[[ Dataset extract open ]]
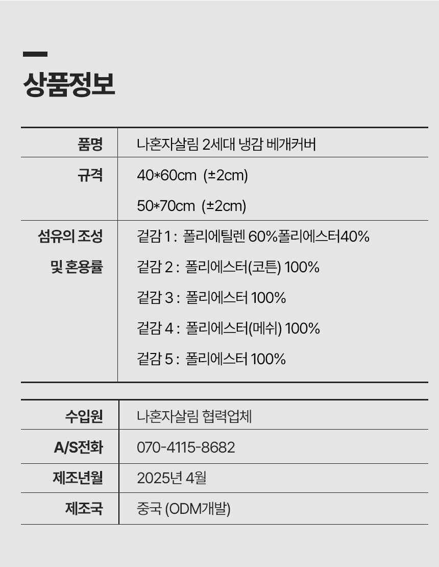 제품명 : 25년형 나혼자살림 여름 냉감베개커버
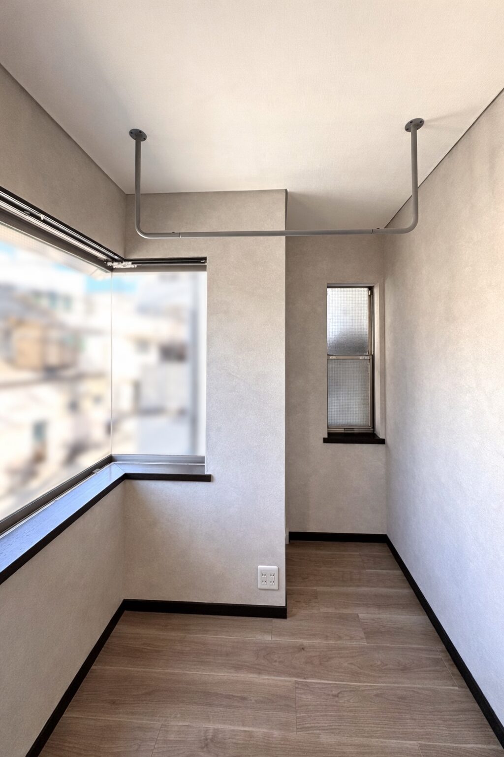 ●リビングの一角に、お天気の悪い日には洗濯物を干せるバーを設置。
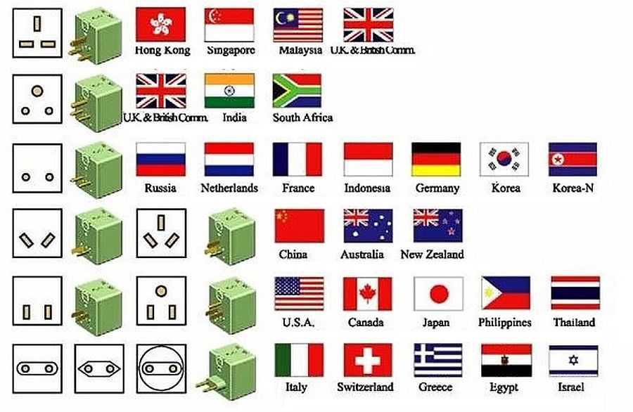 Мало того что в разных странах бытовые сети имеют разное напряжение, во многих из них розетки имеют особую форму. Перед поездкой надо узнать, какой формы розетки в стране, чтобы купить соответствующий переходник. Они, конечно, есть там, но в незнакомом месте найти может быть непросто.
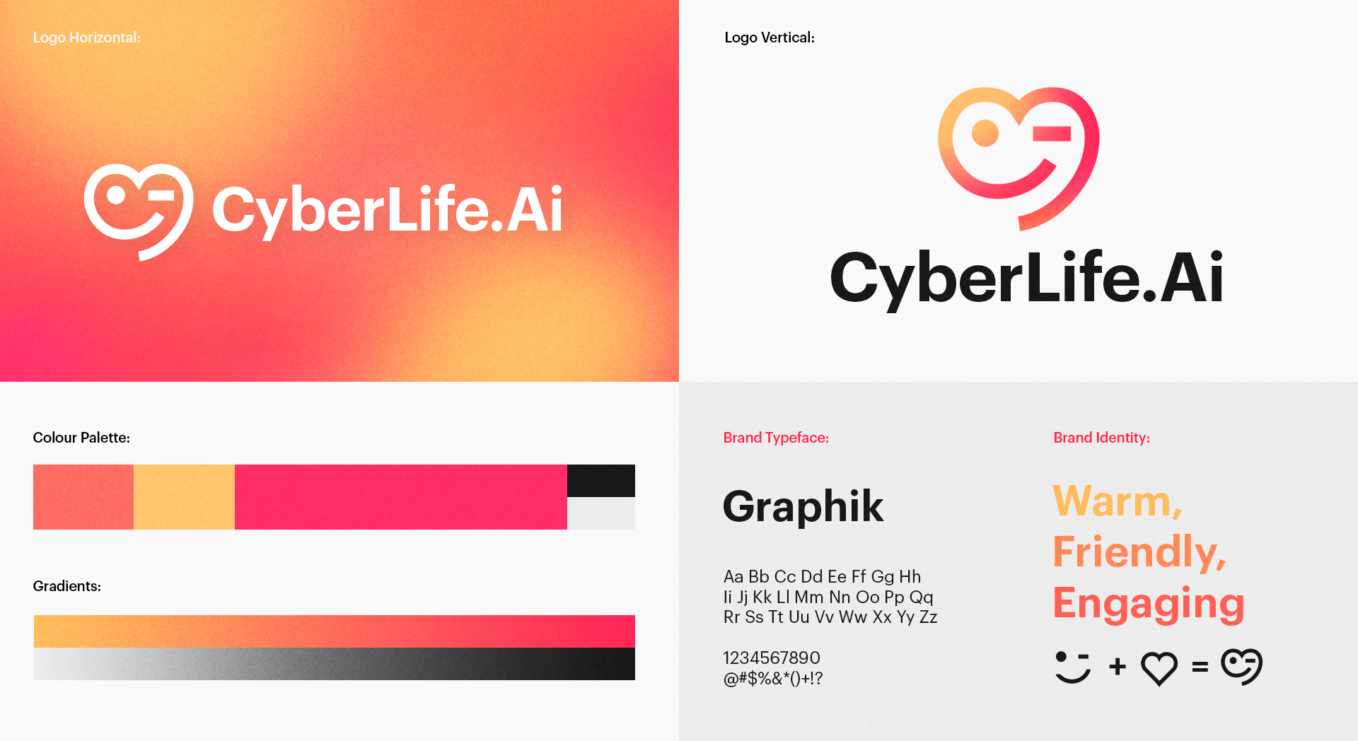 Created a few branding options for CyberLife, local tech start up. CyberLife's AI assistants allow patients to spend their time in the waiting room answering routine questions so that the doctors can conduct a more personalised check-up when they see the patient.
[[ Dataset extract closed ]]
*Exercise instructions*:
The material must be returned exactly, with its pictures omitted.

*Written solution*:
 제품명 : 25년형 나혼자살림 여름 냉감베개커버
 ●リビングの一角に、お天気の悪い日には洗濯物を干せるバーを設置。
 Мало того что в разных странах бытовые сети имеют разное напряжение, во многих из них розетки имеют особую форму. Перед поездкой надо узнать, какой формы розетки в стране, чтобы купить соответствующий переходник. Они, конечно, есть там, но в незнакомом месте найти может быть непросто.
 Created a few branding options for CyberLife, local tech start up. CyberLife's AI assistants allow patients to spend their time in the waiting room answering routine questions so that the doctors can conduct a more personalised check-up when they see the patient.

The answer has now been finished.